GREAT BARRINGTON — One of the most blighted properties in town will soon get a sorely needed facelift at the hands of the owners of a local recreational cannabis retailer.
Farnsworth Fine Cannabis, a marijuana store at 126 Main Street, got a nod of approval from the selectboard last night to rent and use the former Getty gas station across the street.
Great Barrington attorney Kate McCormick, who represents the store and its co-owner Alexander Farnsworth, told the board her client needs to secure a licensing agreement with the town because a narrow slice of the property closest to the street is actually on town land.
The sliver of land includes the island where the gasoline pumps were, as well as the light stanchions and the tiny gas pump house where the attendant worked. The stanchions and the pump house remain. The attendant would sit in his quarters waiting to pump gas into vehicles because Getty was one of the few oil companies that did not offer self-service.
“My client was able to work out a lease deal with the entity that owns that space,” McCormick said. “Their goal is to clean up that space. They’re proud of their building across the street, they’re proud of the entry into town from this area, and they want to restore that space, to clean it up.”
See video below of the discussion of the former Getty gasoline station at last night’s Great Barrington Selectboard meeting. The agenda item can be found at 29:30:
Farnsworth said he signed a lease to use the property rather than purchasing it because the current owner “wanted an exorbitant amount” for it. Farnsworth did not name the owner but records in the town assessor’s office list the owner as East Coast Commercial Real Estate LLC of Rockland, Massachusetts.
East Coast purchased the property on April 8, 2014, for $75,000. The total assessed value of the property is $155,300. East Coast’s manager is listed as Emir Raees of Biddeford, Maine, according to the office of Secretary of the Commonwealth William Galvin.
The last owner of the station was charged with tax fraud and failure to pay taxes in 2017. It appears the station closed for good the following year. The now-defunct Getty Petroleum filed for Chapter 11 bankruptcy protection in 2011.
McCormick said Farnsworth wants to repave the grounds for use as staff and customer parking and, perhaps later, to renovate the building farther back from the street as an office. That structure likely housed a cash register, assorted parts such as fan belts and perhaps vending machines, and a restroom for employees.
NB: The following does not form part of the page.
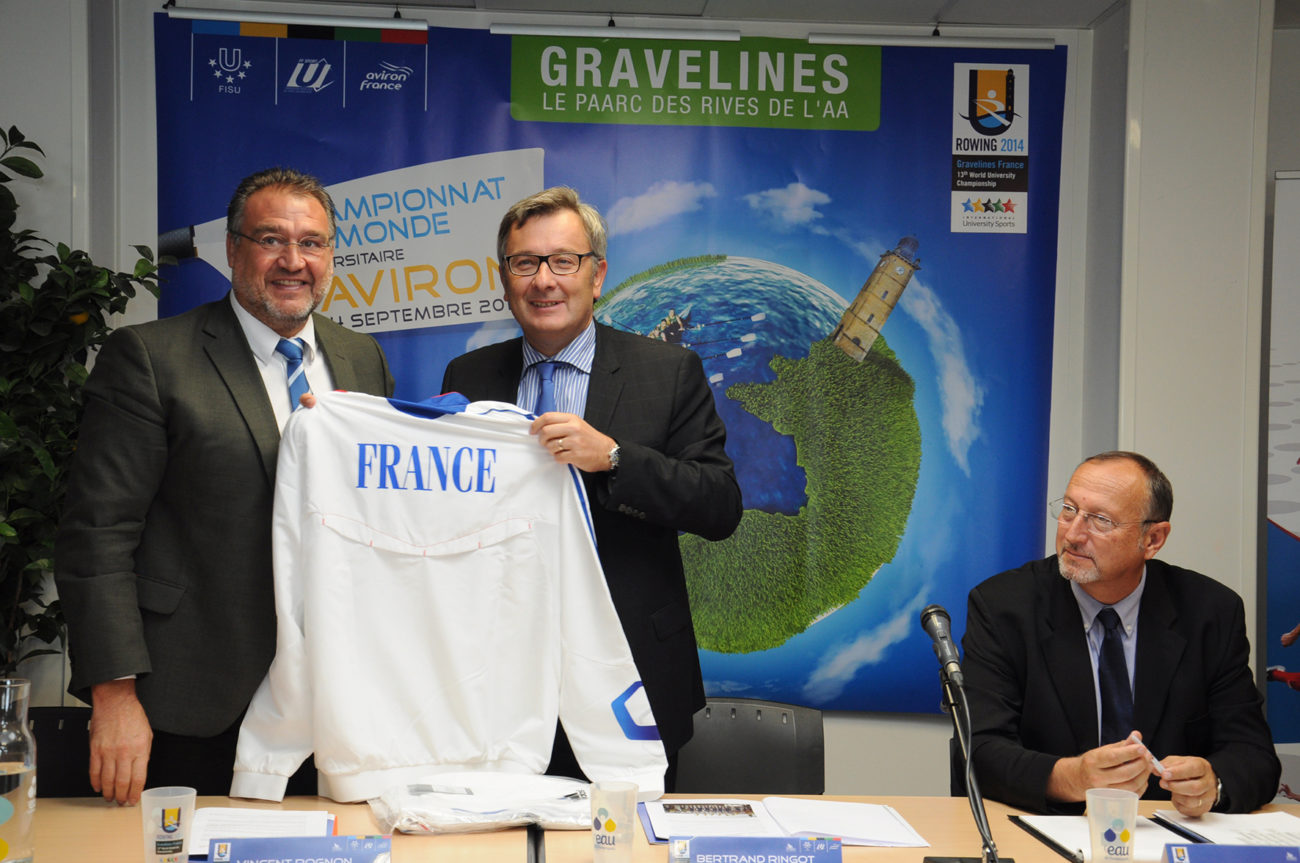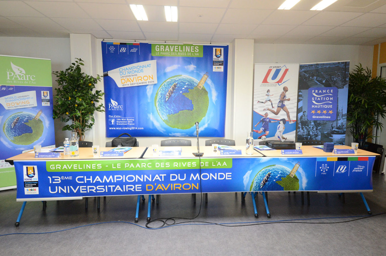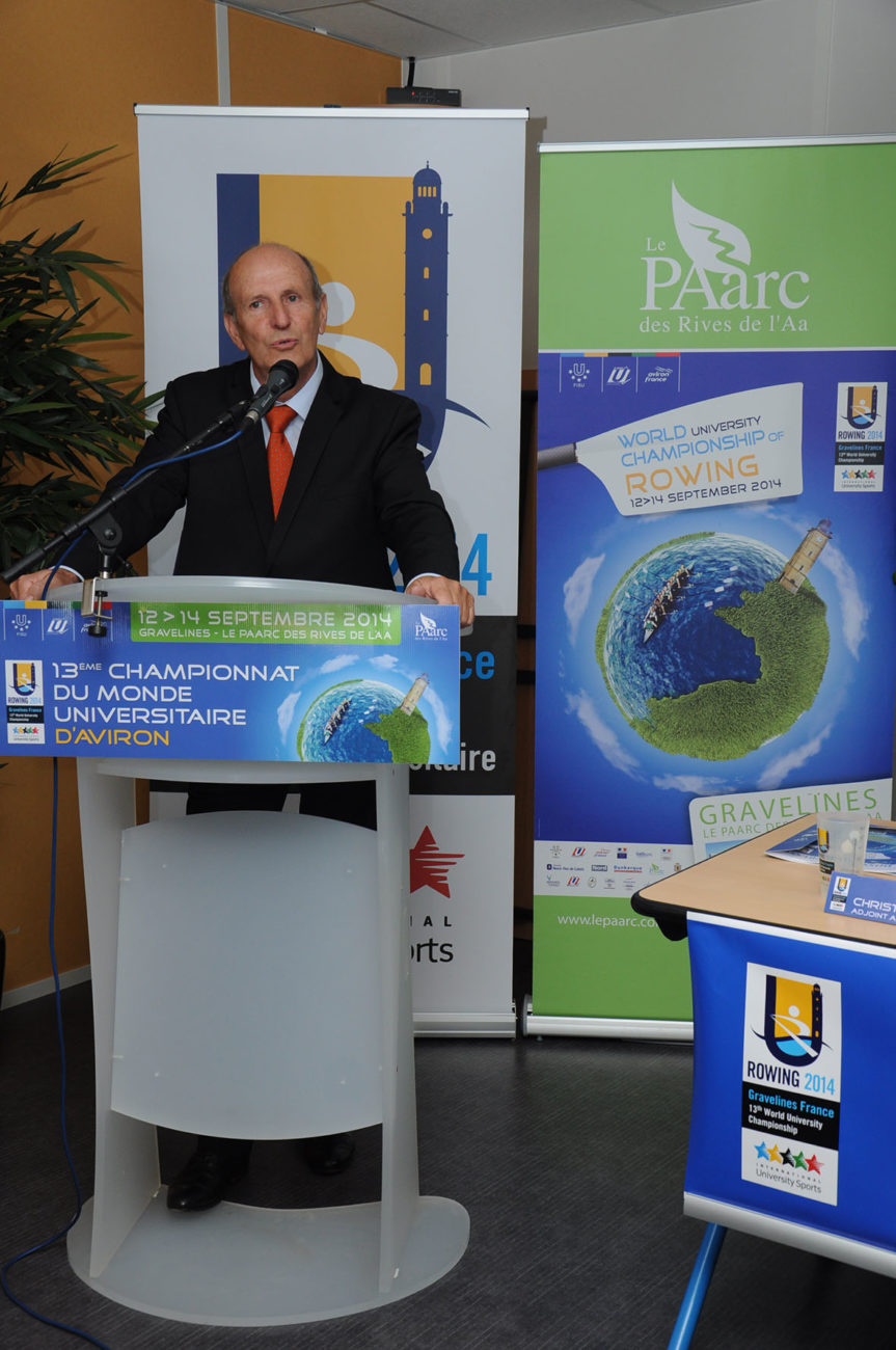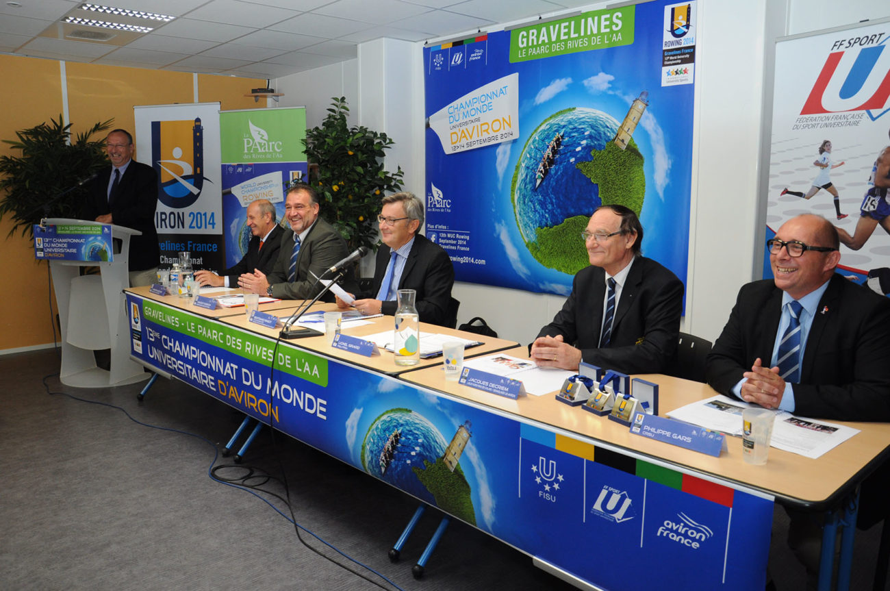Devant un parterre de médias, les différentes personnalités se sont relayées à la tribune, pour présenter ce Championnat qui s’apprête à battre plusieurs records : celui des pays engagés (34) et celui du nombre d’athlètes participants (500). Christian Devos (Adjoint au maire de Gravelines chargé des sports), Vincent Rognon (Directeur national FFSU), Philippe Gars (Directeur exécutif du Championnat), Lionel Girard (Délégué technique FISU), Jacques Decriem (Président de la Ligue Nord Pas de Calais d’aviron) et Betrand Ringot (Maire de Gravelines et ancien champion de France… d’aviron!) ont souligné la qualité du travail fourni, depuis deux ans, par le Comité d’organisation, et insisté tour à tour sur la parfaite synergie entre les différents partenaires : Fédérations (FFSU, FFA, FISU), Ligues (CRSU, Ligue d’aviron), Collectivités territoriales (Conseil Régional Nord Pas de Calais, Conseil Général du Nord, Communauté Urbaine de Dunkerque, Sivom des Rives de l’Aa) Ville et club d’aviron de Gravelines, tous totalement investis dans ce projet d’envergure.

Town Planner Chris Rembold has said he did not know if the site was polluted, but said the underground tanks had been removed. The lot formerly hosted a mill, so it’s possible there is polluted soil from those days. Locals said the station always seemed to have a line, even when gasoline was abundant.
“It was the last service station in town that would pump gas for the customer,” local historian and Edge contributor Bernie Drew told The Edge. “Everyone else was self-serve. Thus it was popular with many drivers.”
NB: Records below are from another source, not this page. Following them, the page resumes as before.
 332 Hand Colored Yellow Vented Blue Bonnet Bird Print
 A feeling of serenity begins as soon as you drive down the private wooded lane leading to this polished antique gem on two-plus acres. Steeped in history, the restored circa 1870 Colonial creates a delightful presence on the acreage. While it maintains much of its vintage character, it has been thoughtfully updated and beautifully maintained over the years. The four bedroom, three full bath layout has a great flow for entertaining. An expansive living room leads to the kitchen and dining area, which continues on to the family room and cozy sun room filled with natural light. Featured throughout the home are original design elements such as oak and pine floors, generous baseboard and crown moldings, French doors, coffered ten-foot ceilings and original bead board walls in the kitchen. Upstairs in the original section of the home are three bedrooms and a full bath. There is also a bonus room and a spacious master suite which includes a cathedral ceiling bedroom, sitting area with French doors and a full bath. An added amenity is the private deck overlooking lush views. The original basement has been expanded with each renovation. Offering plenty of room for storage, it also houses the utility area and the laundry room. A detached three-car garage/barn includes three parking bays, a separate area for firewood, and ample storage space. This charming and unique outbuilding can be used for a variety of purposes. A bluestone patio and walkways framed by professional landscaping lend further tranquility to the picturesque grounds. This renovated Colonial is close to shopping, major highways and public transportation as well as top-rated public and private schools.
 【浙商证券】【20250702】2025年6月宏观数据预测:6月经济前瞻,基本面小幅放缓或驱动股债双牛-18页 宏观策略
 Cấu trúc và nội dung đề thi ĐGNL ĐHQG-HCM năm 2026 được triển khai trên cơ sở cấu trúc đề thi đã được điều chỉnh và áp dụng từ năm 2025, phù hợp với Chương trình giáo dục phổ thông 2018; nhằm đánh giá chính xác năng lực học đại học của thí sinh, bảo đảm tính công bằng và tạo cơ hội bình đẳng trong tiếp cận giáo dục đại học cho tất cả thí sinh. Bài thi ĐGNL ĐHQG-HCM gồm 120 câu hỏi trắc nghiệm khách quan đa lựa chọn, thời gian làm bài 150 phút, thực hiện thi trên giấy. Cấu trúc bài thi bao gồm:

McCormick said Farnsworth wants to preserve the pump island and pump house as a buffer between the road and the gas station building. Potted plants will be placed to soften the space. Some of the signage will be preserved to give the lot “a vintage gas station feel.”
The property sits close to the shores of the Housatonic River. It also abuts the narrow but long Stanley Park, which stretches north from Cottage Street and is named after William Stanley, who made Great Barrington the first place to be electrified by the use of alternating current.
The board approved the license request unanimously.